_TASK_
For the data that follows, print the line with "Mappa concettuale sulla", the line with "Hip belt blue", and all lines between them, exactly as they stand. Omit pictures and add nothing.

== DATASET EXCERPTS ==

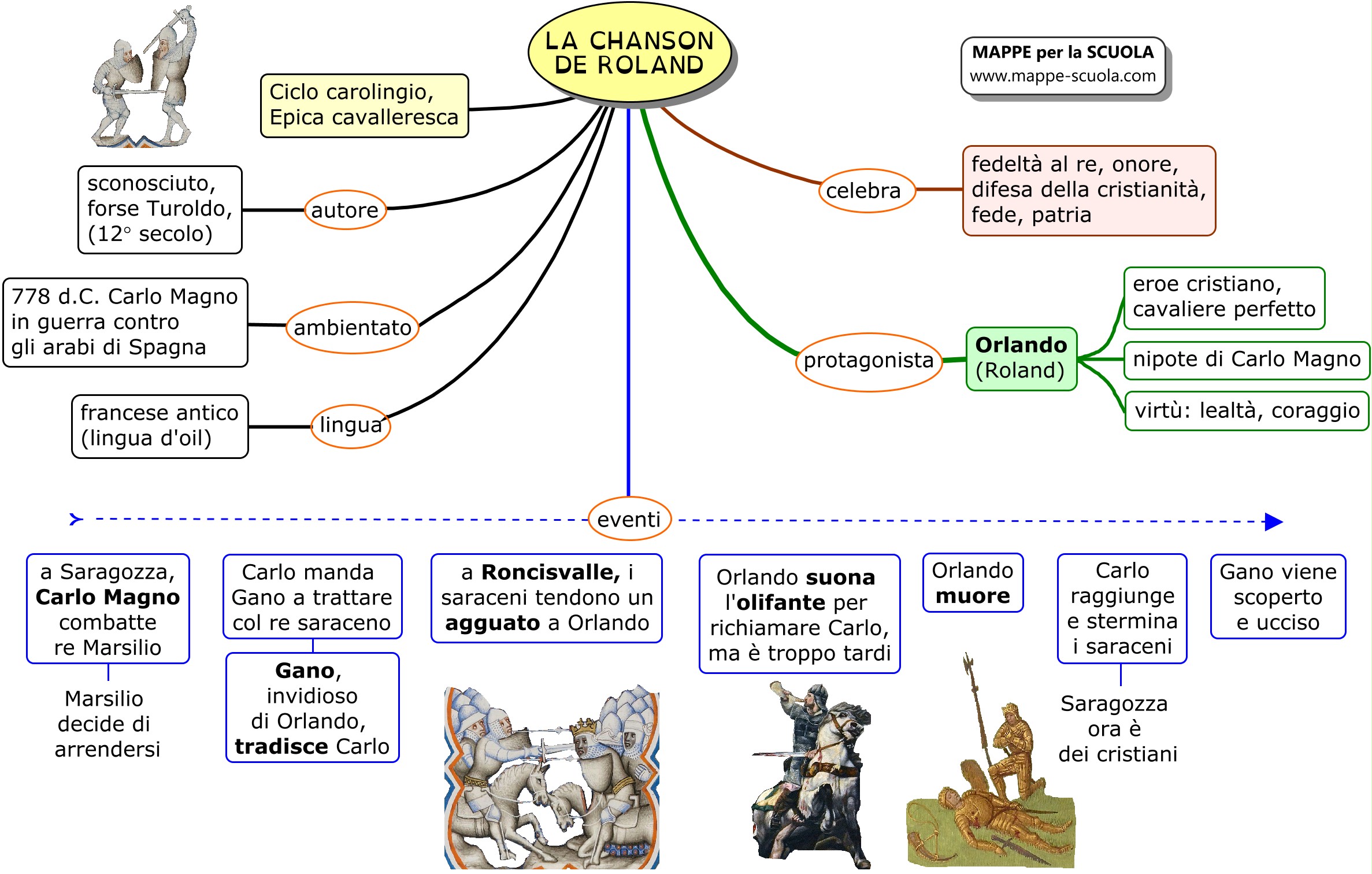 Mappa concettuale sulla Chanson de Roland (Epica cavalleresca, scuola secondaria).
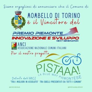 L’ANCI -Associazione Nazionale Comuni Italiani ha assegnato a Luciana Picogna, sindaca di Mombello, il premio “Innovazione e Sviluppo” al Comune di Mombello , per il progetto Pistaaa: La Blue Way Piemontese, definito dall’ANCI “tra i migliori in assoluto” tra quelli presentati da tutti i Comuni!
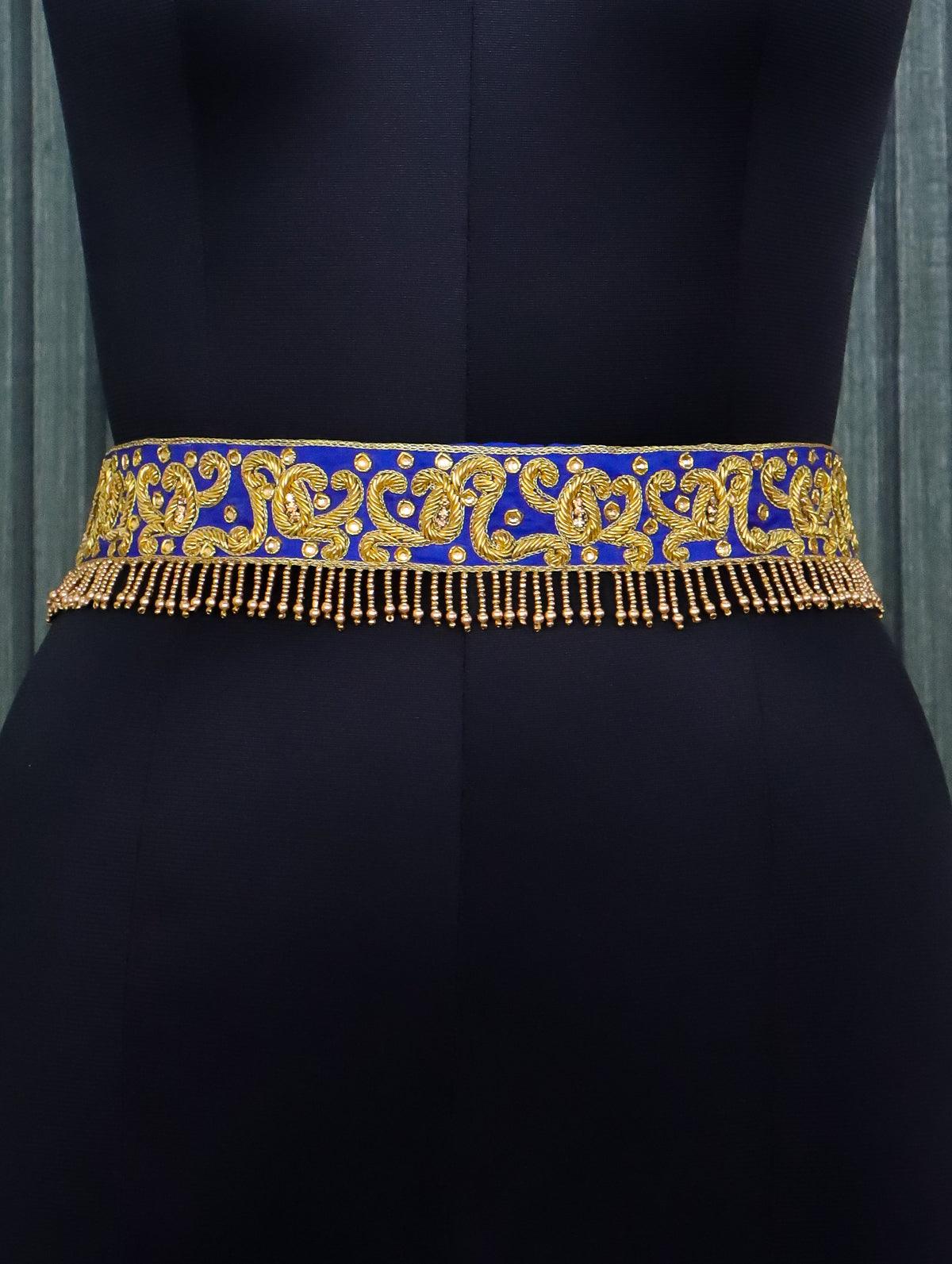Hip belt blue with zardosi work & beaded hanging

===
== DATASET EXCERPTS ==

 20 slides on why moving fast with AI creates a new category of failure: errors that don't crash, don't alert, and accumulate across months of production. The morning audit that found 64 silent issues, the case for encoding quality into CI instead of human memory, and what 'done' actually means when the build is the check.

===
== DATASET EXCERPTS ==

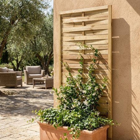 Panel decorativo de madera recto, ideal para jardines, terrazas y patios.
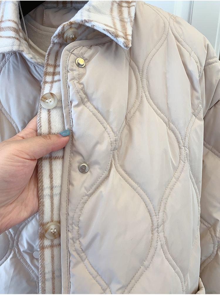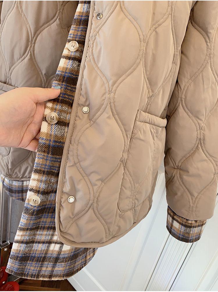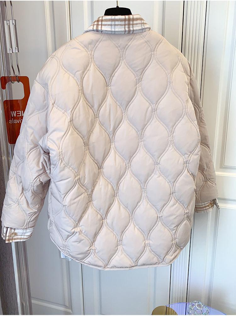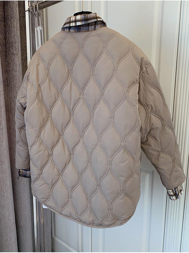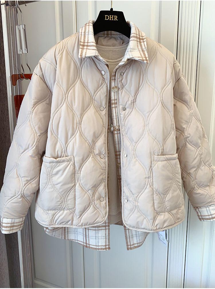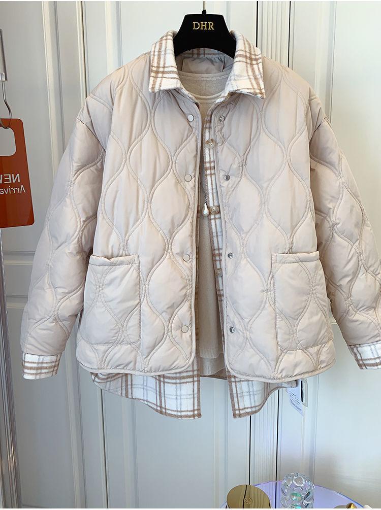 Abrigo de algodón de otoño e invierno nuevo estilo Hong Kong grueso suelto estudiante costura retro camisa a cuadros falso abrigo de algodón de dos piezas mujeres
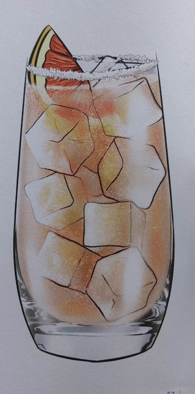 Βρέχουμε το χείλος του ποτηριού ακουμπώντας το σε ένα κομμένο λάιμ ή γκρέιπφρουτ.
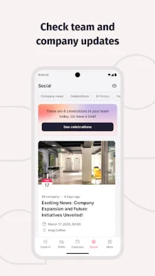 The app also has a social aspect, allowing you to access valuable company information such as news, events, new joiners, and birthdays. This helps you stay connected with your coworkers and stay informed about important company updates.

===

_WRITTEN REPLY_
 Mappa concettuale sulla Chanson de Roland (Epica cavalleresca, scuola secondaria).
 L’ANCI -Associazione Nazionale Comuni Italiani ha assegnato a Luciana Picogna, sindaca di Mombello, il premio “Innovazione e Sviluppo” al Comune di Mombello , per il progetto Pistaaa: La Blue Way Piemontese, definito dall’ANCI “tra i migliori in assoluto” tra quelli presentati da tutti i Comuni!
Hip belt blue with zardosi work & beaded hanging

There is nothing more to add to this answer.